In the previous article on studying to become a quant trader we touched on the importance of statistical and machine learning. Many of you contacted me in regard to the "state of the art" of such machine learning methods, and how they're applied in the quant finance world. In this article I want to outline the resources necessary to learn machine learning techniques so that you'll be better prepared for a role as a quant trader.
Statistical learning is extremely important in quant trading research. We can bring to bear the entire weight of the scientific method and hypothesis testing in order to rigourously assess the quant trading research process. For quantitative trading we are interested in testable, repeatable results that are subject to constant scrutiny. This allows easy replacement of trading strategies as and when performance degrades. Note that this is in stark contrast to the approach taken in "discretionary" trading where performance and risk are not often assessed in this manner.
The statistical approach to quant trading is designed to eliminate issues that surround discretionary methods. A great deal of discretionary technical trading is rife with cognitive biases, including loss aversion, confirmation bias and the bandwagon effect. Quant trading research uses alternative mathematical methods to mitigate such behaviours and thus enhance trading performance.
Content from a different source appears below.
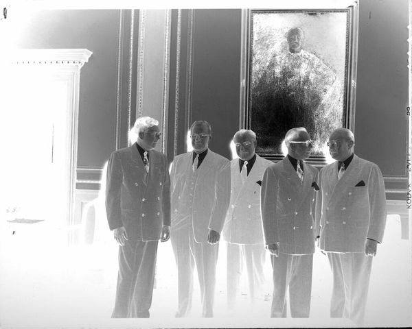 Curator: Here we have an intriguing gelatin silver print, attributed to Lucian and Mary Brown, currently held in the Harvard Art Museums. Editor: My first impression is one of dramatic tension. The inverted tones create an unsettling atmosphere, and those gestures are quite theatrical. Curator: Indeed. The photographic process itself is central here. Think of the darkroom labor, the precise chemical processes required to achieve this negative image. It speaks to a deliberate manipulation of reality. Editor: And the symbolism! The pointing fingers, a classic motif suggesting accusation or revelation, combined with the woman's wide-eyed expression... it feels like a scene ripped from a psychological drama. Perhaps representing power dynamics? Curator: Or consider the material conditions of the sitters. The men appear to be wearing suits, suggesting a certain level of economic privilege that allowed for the time and expense of portraiture. Editor: The image resonates with familiar archetypes, sparking questions about social roles and performative identities. Curator: A photograph, seemingly simple, yet so rich in material and contextual implications. Editor: A fascinating glimpse into unspoken narratives encoded within a single frame.

In order to carry out such a methodical process quant trading researchers possess a continuously skeptical mindset and any strategy ideas or hypotheses about market behaviour are subject to continual scrutiny. A strategy idea will only be put into a "production" environment after extensive statistical analysis, testing and refinement. This is necessary because the market has a rather low signal-to-noise ratio. This creates difficulties in forecasting and thus leads to a challenging trading environment.
The goal of quantitative trading research is to produce algorithms and technology that can satisfy a certain investment mandate. In practice this translates into creating trading strategies (and related infrastructure) that produce consistent returns above a certain pre-determined benchmark, net of costs associated with the trading transactions, while minimising "risk". Hence there are a few levers that can be pulled to enhance the financial objectives.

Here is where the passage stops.